**Your goal:**
For this exercise, an exact copy is needed of only the lines from the one containing "焦炭是支撐鋼鐵生產(chǎn" through the end of the data, with pictures left out.

**Raw data:**
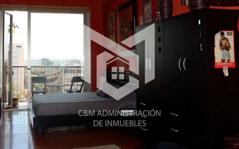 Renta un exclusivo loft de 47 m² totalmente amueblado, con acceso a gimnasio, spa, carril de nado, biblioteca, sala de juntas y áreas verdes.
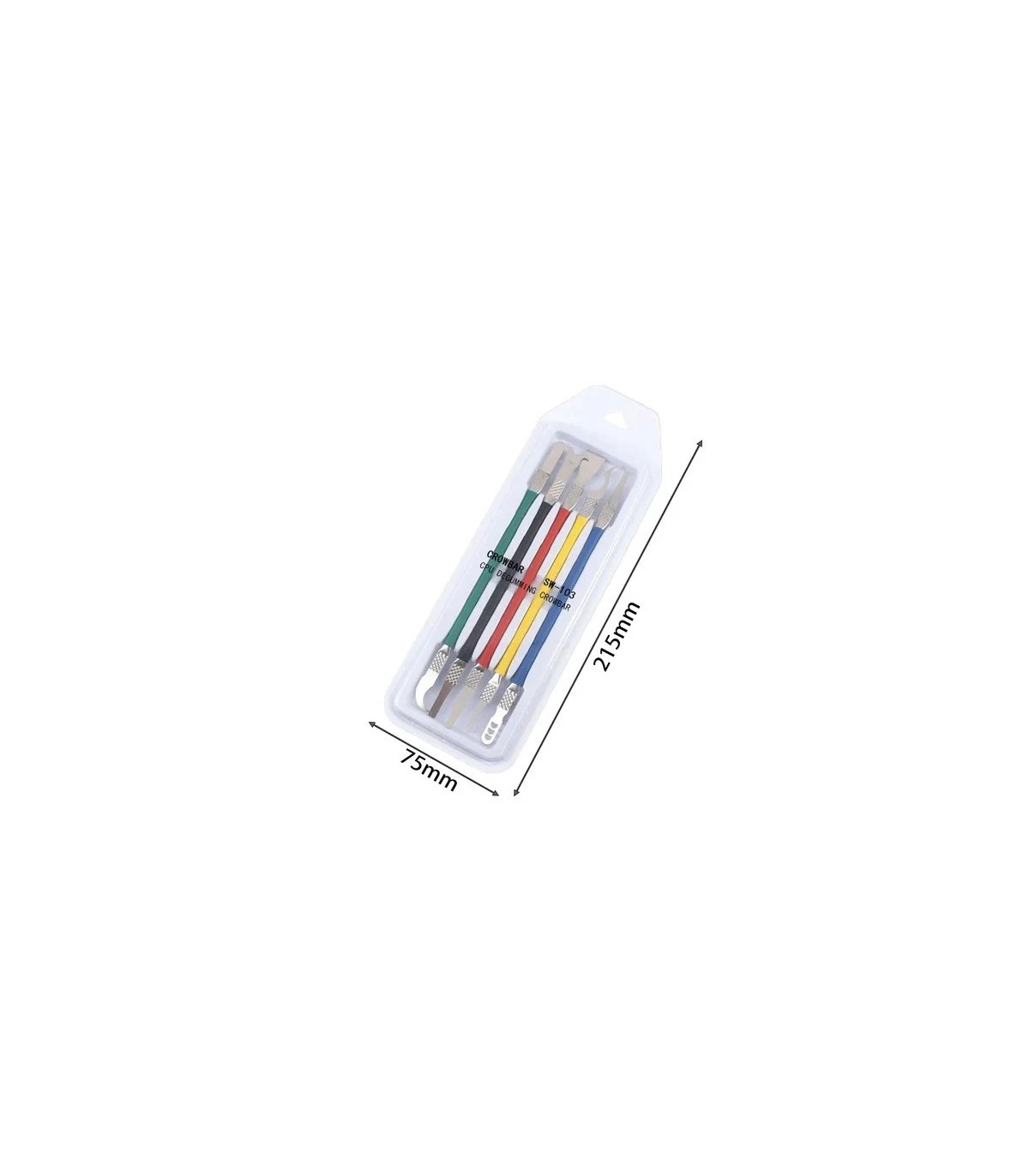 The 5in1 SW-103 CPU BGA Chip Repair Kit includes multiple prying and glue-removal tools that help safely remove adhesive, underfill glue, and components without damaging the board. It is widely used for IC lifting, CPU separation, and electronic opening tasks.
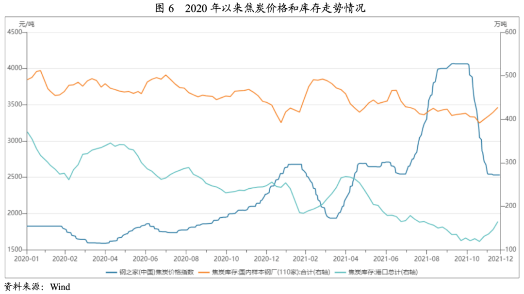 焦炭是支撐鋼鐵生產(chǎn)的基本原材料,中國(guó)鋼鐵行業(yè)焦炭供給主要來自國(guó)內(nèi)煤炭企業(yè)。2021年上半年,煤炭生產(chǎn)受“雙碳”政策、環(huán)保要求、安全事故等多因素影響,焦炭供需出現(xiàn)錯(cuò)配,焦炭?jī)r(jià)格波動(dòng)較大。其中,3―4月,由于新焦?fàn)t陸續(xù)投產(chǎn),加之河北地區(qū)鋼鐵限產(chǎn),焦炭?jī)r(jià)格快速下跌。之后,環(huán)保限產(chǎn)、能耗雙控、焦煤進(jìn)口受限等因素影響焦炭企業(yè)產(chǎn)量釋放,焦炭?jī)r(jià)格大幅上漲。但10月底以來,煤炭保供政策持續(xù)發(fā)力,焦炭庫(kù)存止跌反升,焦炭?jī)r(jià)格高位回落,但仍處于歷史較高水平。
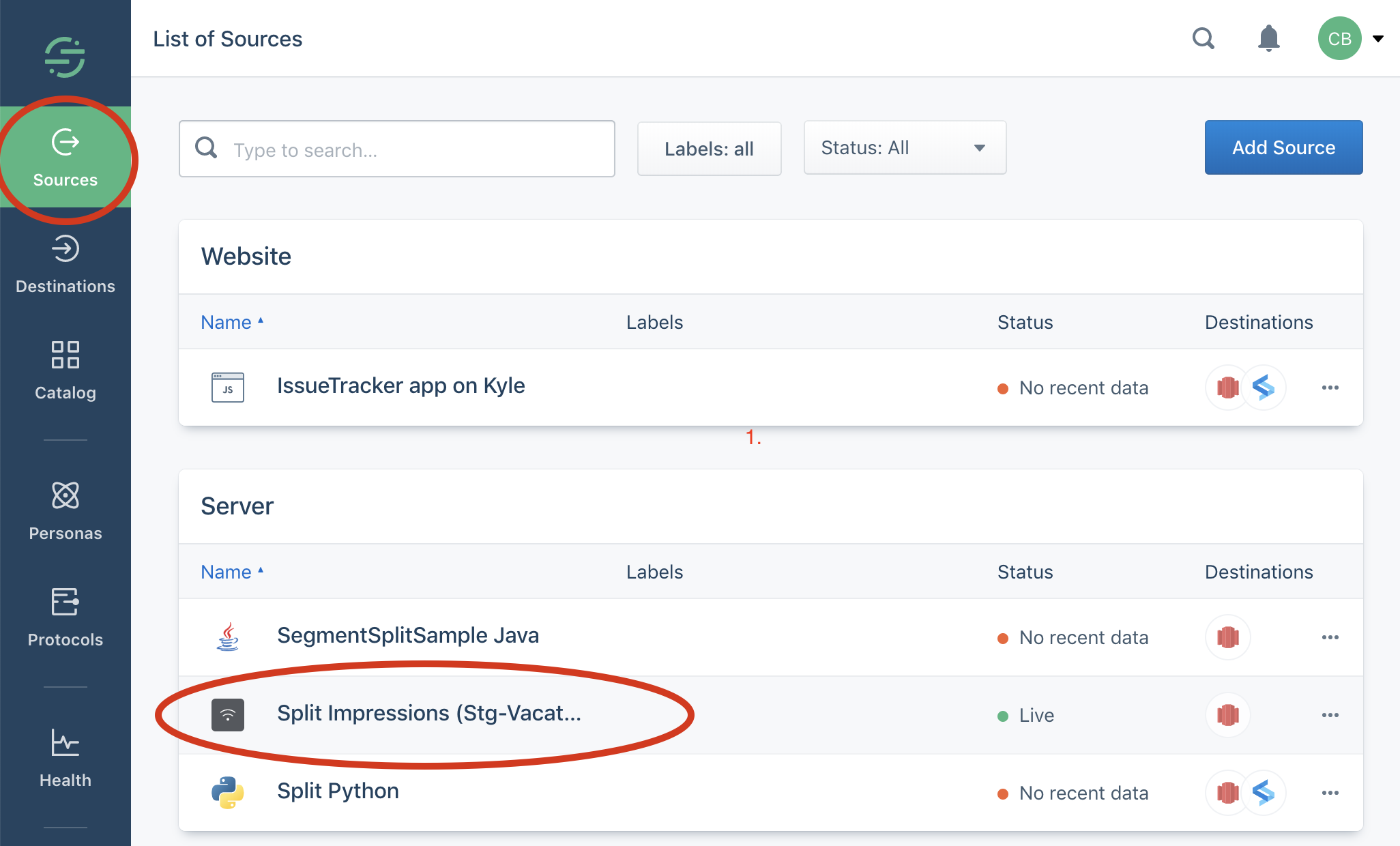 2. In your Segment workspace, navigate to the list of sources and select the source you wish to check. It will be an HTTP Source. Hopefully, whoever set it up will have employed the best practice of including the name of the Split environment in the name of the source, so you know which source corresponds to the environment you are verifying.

**Written answer:**
 焦炭是支撐鋼鐵生產(chǎn)的基本原材料,中國(guó)鋼鐵行業(yè)焦炭供給主要來自國(guó)內(nèi)煤炭企業(yè)。2021年上半年,煤炭生產(chǎn)受“雙碳”政策、環(huán)保要求、安全事故等多因素影響,焦炭供需出現(xiàn)錯(cuò)配,焦炭?jī)r(jià)格波動(dòng)較大。其中,3―4月,由于新焦?fàn)t陸續(xù)投產(chǎn),加之河北地區(qū)鋼鐵限產(chǎn),焦炭?jī)r(jià)格快速下跌。之后,環(huán)保限產(chǎn)、能耗雙控、焦煤進(jìn)口受限等因素影響焦炭企業(yè)產(chǎn)量釋放,焦炭?jī)r(jià)格大幅上漲。但10月底以來,煤炭保供政策持續(xù)發(fā)力,焦炭庫(kù)存止跌反升,焦炭?jī)r(jià)格高位回落,但仍處于歷史較高水平。
 2. In your Segment workspace, navigate to the list of sources and select the source you wish to check. It will be an HTTP Source. Hopefully, whoever set it up will have employed the best practice of including the name of the Split environment in the name of the source, so you know which source corresponds to the environment you are verifying.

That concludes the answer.